EXERCISE PROMPT:
All pictures should be dropped, and only the lines from the top of the entries below through the line containing "A blusa cropped" repeated exactly, both ends included.

(Collection entries)
= Beginning of Section =

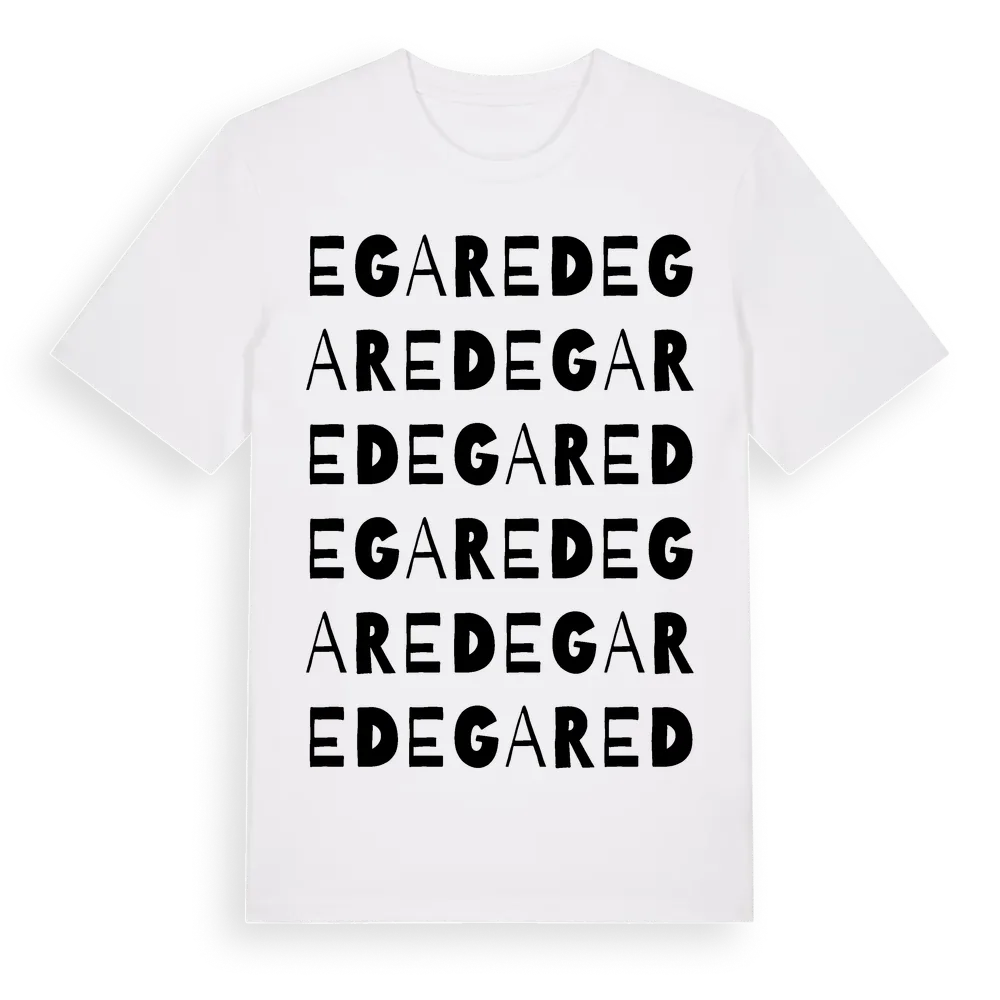 Egared ordlek t-shirt är inspirerad av Egared i Hallands län, Sverige. Tröjan är designad för dig som har en speciell koppling till platsen – oavsett om du bor här, har rötterna här eller bara älskar Egared.
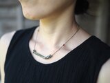 翡翠の管玉に樹木の化石に模様を施したプンテック、スプーンの様な形状のシルバービーズ、編み紐や留め具にも天然石やガラスのビーズを散りばめました。
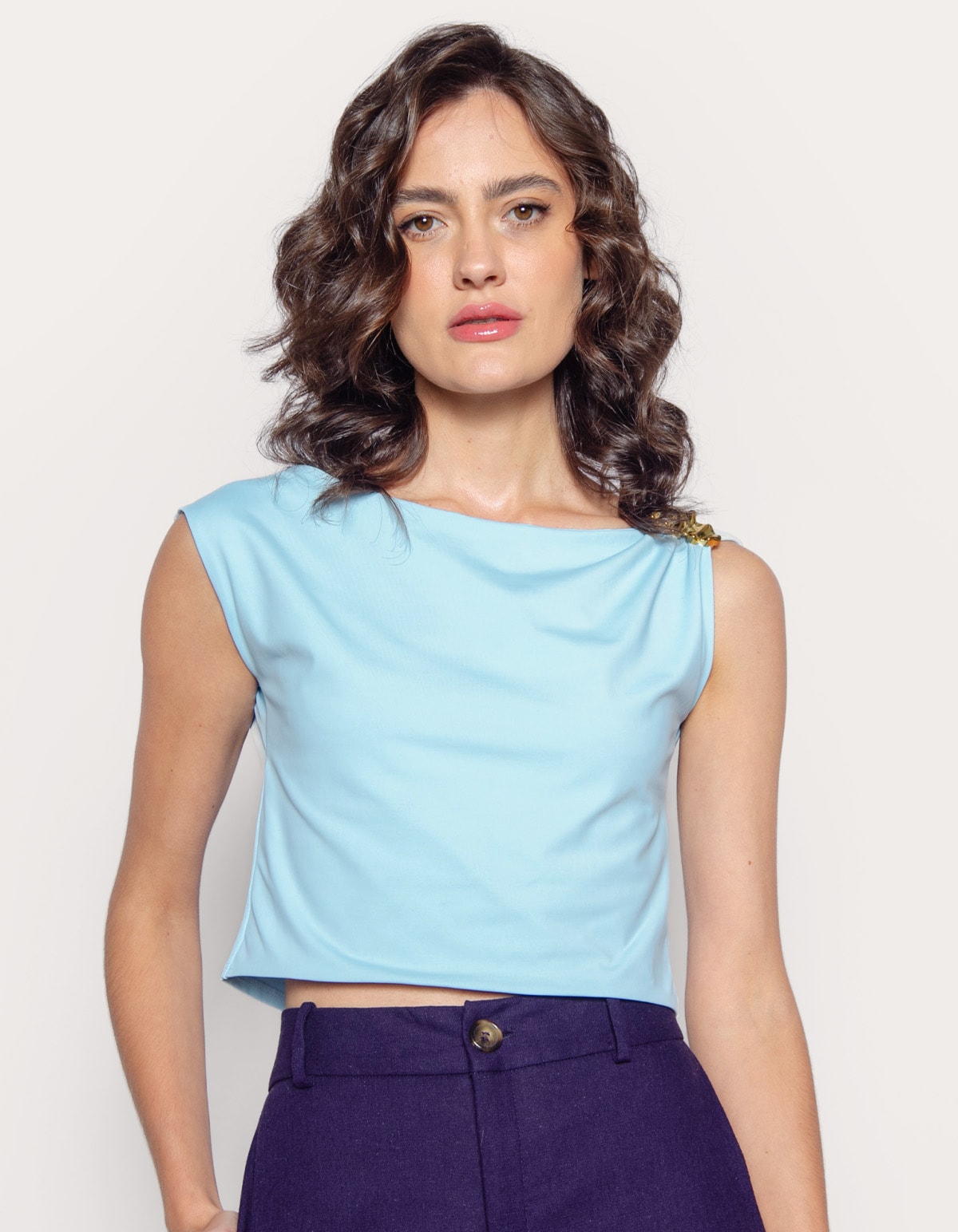 A blusa cropped “Luna” traz uma proposta moderna e minimalista, com foco no detalhe no ombro, que adiciona informação de moda de forma sutil. Com modelagem ajustada e comprimento cropped, valoriza a silhueta sem comprometer o conforto.
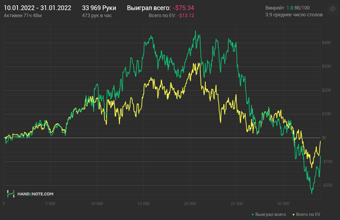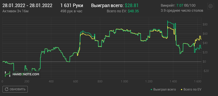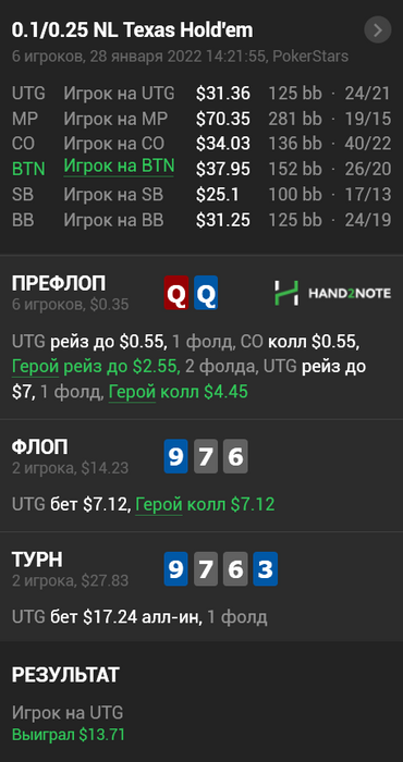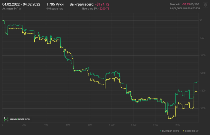Парни, никто не зассоряет блог. Я всегда рад любому обсуждению раздач. И всегда рад любой критике, в какой бы манере она не звучала бы. Если игрок, который играет в плюс, выше лимитом, скажет, что я долбаеб, и за 7 месяцев чему то не научился, то я буду только рад и скажу спасибо. Мои ошибки, я все прекрасно понимаю. По раздаче с AQs я понимаю, что розыгрыш через 4бет и через колл 3бета имеет место быть. В данном случае динамика игры была агрессивной, и опп тоже был агрессивный, и я посчитал на тот момент, что 4бет будет эффективнее и на частых фолдах оппа я смогу здесь заработать. Против тайтового, тут конечно бы я больше склонился бы к коллу 3бета, и оттыгрышу в позиции на постфлопе. Я не буду со своей колокольни, говорить кто прав, а кто нет. Я чисто по своей логике, могу сказать, что не считаю тот или иной плей ошибкой. Давайте жить дружно, мы все варимся в одном котле, и в любом споре рождается истина. Всех обнял)
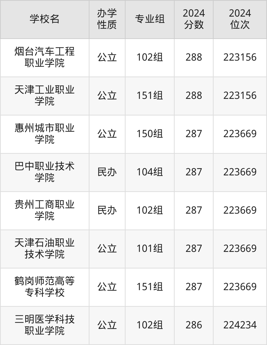 | 天津工业职业 学院 | 151组 | 288 | 223156 |
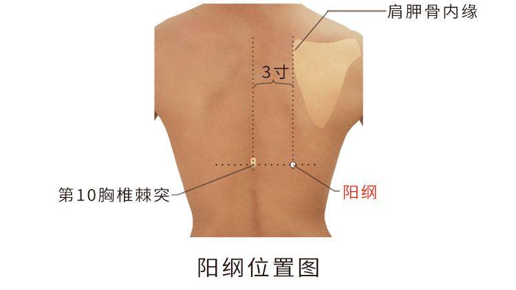 阳,阳气也。纲,网上之总绳也。阳纲名意指胆腑的阳气由此外输膀胱经。阳纲穴与胆俞穴相对,气血物质皆来自胆腑,胆腑气血处半表半里,而本穴又在背外之侧,穴内物质为胆腑外输的阳热风气,此阳热风气即是脏腑外输的阳气汇聚而成,有对体内外输的阳气抓总提纲作用,故名阳纲。

= End of Section =

ANSWER SPACE:
 Egared ordlek t-shirt är inspirerad av Egared i Hallands län, Sverige. Tröjan är designad för dig som har en speciell koppling till platsen – oavsett om du bor här, har rötterna här eller bara älskar Egared.
 翡翠の管玉に樹木の化石に模様を施したプンテック、スプーンの様な形状のシルバービーズ、編み紐や留め具にも天然石やガラスのビーズを散りばめました。
 A blusa cropped “Luna” traz uma proposta moderna e minimalista, com foco no detalhe no ombro, que adiciona informação de moda de forma sutil. Com modelagem ajustada e comprimento cropped, valoriza a silhueta sem comprometer o conforto.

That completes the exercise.